WATERTOWN — Soon, KN95 masks will be available to many north country residents.
Jefferson County announced on Thursday that the county has received about 51,000 KN95 masks from the state. The masks will be provided to each town and the city of Watertown, and nonprofit organizations in the city such as the Community Action Planning Council, Urban Mission and Salvation Army.
The county also said this will be a one-time allotment of masks, and no additional supplies from the state are anticipated.
Jefferson County’s population of more than 115,000 means it will not be possible for every resident to receive a mask.
Each town and city will announce when and where people can receive masks next week.
The county is also reminding people that the masks have limited reusability and that they should be disposed after extended use.
The county is also expecting to receive at-home test kits from the state, but officials do not know at this time when the tests kits will arrive, or how they will be distributed.
Town and village of Massena residents will have an opportunity to receive a free KN95 mask when they’re distributed between 8 a.m. and 4 p.m. Monday at the Building and Code Enforcement Office, at the Massena Fire Station, 34 Andrews St.
The glass doors will be open to the public during those hours, and James Caruso from the code office will be distributing the masks. Quantities are limited, with approximately 1,000 masks available for distribution on a first-come, first-served basis. They will be limited to one per household member.
KN95 masks use multiple layers of synthetic material to protect against outside particles. The masks feature a seam down the middle that makes it possible to fold the masks in half.
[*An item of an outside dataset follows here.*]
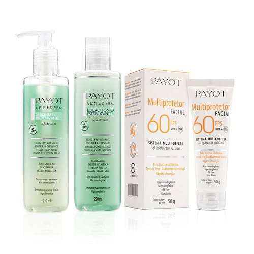 Kit Limpeza e Tonificação Acnederm + Proteção FPS 60 Payot O Kit Limpeza e Tonificação Acnederm + Proteção FPS 60 Payot, contém:
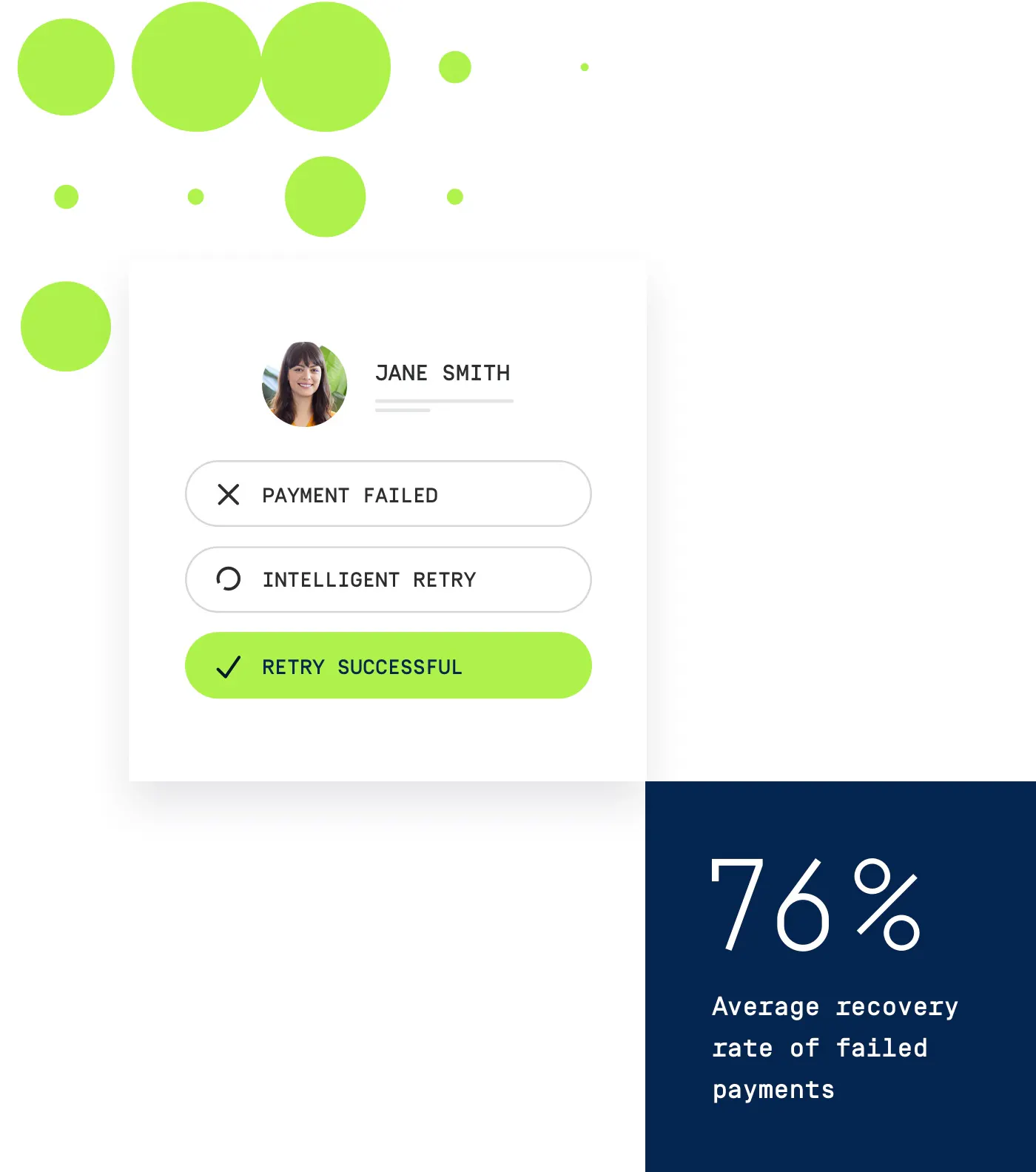 Payment failures sometimes feel like an inevitability, but they don’t have to be. Success+ collects, on average, 76% of payments that initially fail, allowing you to build a better payment experience for your customers.

The masks use ear loops to secure the face covering.
They are better than surgical masks or cloth masks, according to ECRI, an independent nonprofit organization that focuses on safety, quality and cost-effectiveness of care across all health care settings worldwide. They are most appropriate in cases where the individual doesn’t expect to come into contact with bodily fluids.
Massena Mayor Gregory M. Paquin said that, while the masks aren’t graded for use by medical professionals, “it’s graded pretty well for your average citizen,” and he suggested residents get one on Monday.
“Definitely. It’s anything that we can try to do as we hopefully get on the downturn,” he said.
In addition to encouraging mask wearing, Mr. Paquin urged people to get vaccinated against COVID-19.
“I would ask the citizens throughout Massena, if you haven’t been vaccinated yet, please seriously consider taking the vaccine — medical science has shown that it is safe; it is effective. We all understand this. It doesn’t necessarily prevent actually catching the virus. However, if you do catch the virus and you are vaccinated, the symptoms will be much milder and the chances of going into the hospital are far, far, far less,” Mr. Paquin said. “So, please, I would encourage everyone to do their part to consider getting a vaccination.”
According to the U.S. Centers for Disease Control and Prevention, if a KN95 mask is not available, one way to ensure safety is by wearing one medical procedure mask underneath a cloth mask. The CDC says you should not combine two medical procedure masks or combine a KN95 mask with any other type of mask.